On May 6, 1867, George Washington Truett was born as his parent's seventh child. He was born and grew up on his family's mountain farm in North Carolina. The Lord began to convict him at an early age of his need of salvation, and although he attended church regularly he knew he was not saved.
He finished school at eighteen and the following year filled the teacher's position in the school he had just graduated from, starting with fifty students. It was during this time, at nineteen years of age, that he was saved while attending special meetings at his church. Shortly after his salvation he came up with a plan to start a private Christian school in the hills of Georgia. When he was twenty years old Hiawassee Academy opened with Truett as the principal and teacher.
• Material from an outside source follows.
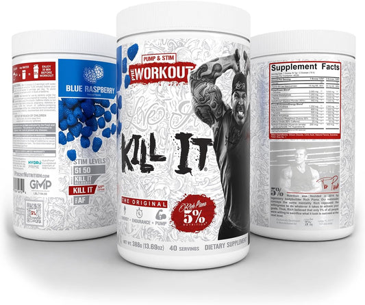 5% Nutrition Rich Piana Kill It Pre Workout Powder - Boost Strength, Endurance, and Pump with Creatine, Caffeine, Beta Alanine, and Hydroprime Glycerol - Blue Raspberry Flavor - 13.69 oz, 40 Servings

The student body soon numbered three hundred students, and Truett kept always a strong Christian atmosphere in the school, and was able to see numbers of his students saved.
In 1889 the Truett family moved to Texas. The church his family became members of soon elected George as the Sunday school superintendent, and with time ordained him to the ministry. Of his ordination service it is recorded that one of the worst men in the community attended and was converted. Not long after his ordination, while only twenty-three years old, he was appointed the financial secretary of Baylor University as they struggled with an indebtedness of $92,000.00. In twenty-three months, during 1891-1893, George was able to eliminate that debt and establish the school as financially stable again. The following September he enrolled as a freshman at Baylor - the school which he had just been the financial secretary of!
While a student, Truett pastored East Waco Baptist Church and conducted revival meetings in the First Baptist of Waco. He graduated in 1897 and the following summer, at age thirty, he took the pastorate of the First Baptist Church of Dallas, Texas. He began the second sunday in September, 1897, and remained as pastor until his death in July, 1994 - a span of 47 years. While he was the pastor, the church grew to cover an entire city block, and was one of the world's largest churches of the time.
Thousands were saved under his ministry in Texas, but his ministry was not confined only to Waco. Starting in 1902 and continuing for thirty-seven years he preached the "cowboy meetings" which were revival services held in the Davis Mountains of western Texas. He was also one of the men appointed by President Wilson to preach to the Allied Expeditionary Forces in Europe during World War I. In 1920 he preached to over 15,000 people for an hour and fifteen minutes from the Capitol steps in Washington D.C. He was president of the Southern Baptist Convention from 1927 to 1929, and also president of the Baptist World Alliance from 1934 to 1939. During Truett's life, he preached to large crowds in many world centres such as London, Stockholm, Paris, Berlin, Jerusalem, Toronto, Atlanta and many others. As president of the Baptist World Alliance, he also toured and preached to large crowds in countries such as Brazil, Argentina, Chile, England, Egypt, Palestine, India, Burma, Singapore, Hong Kong, China and Japan.
Truett preached over 17,000 sermons during his ministry, and he is remembered for his humble and simple but spiritual form of preaching. He did not rant and rave, but in a very conversational form of preaching spoke and appealed directly to people. Many called him the greatest orator of the day, and many also refered to him as a second Spurgeon. He went home to be with the Lord on July 7, 1944, after several months of sickness.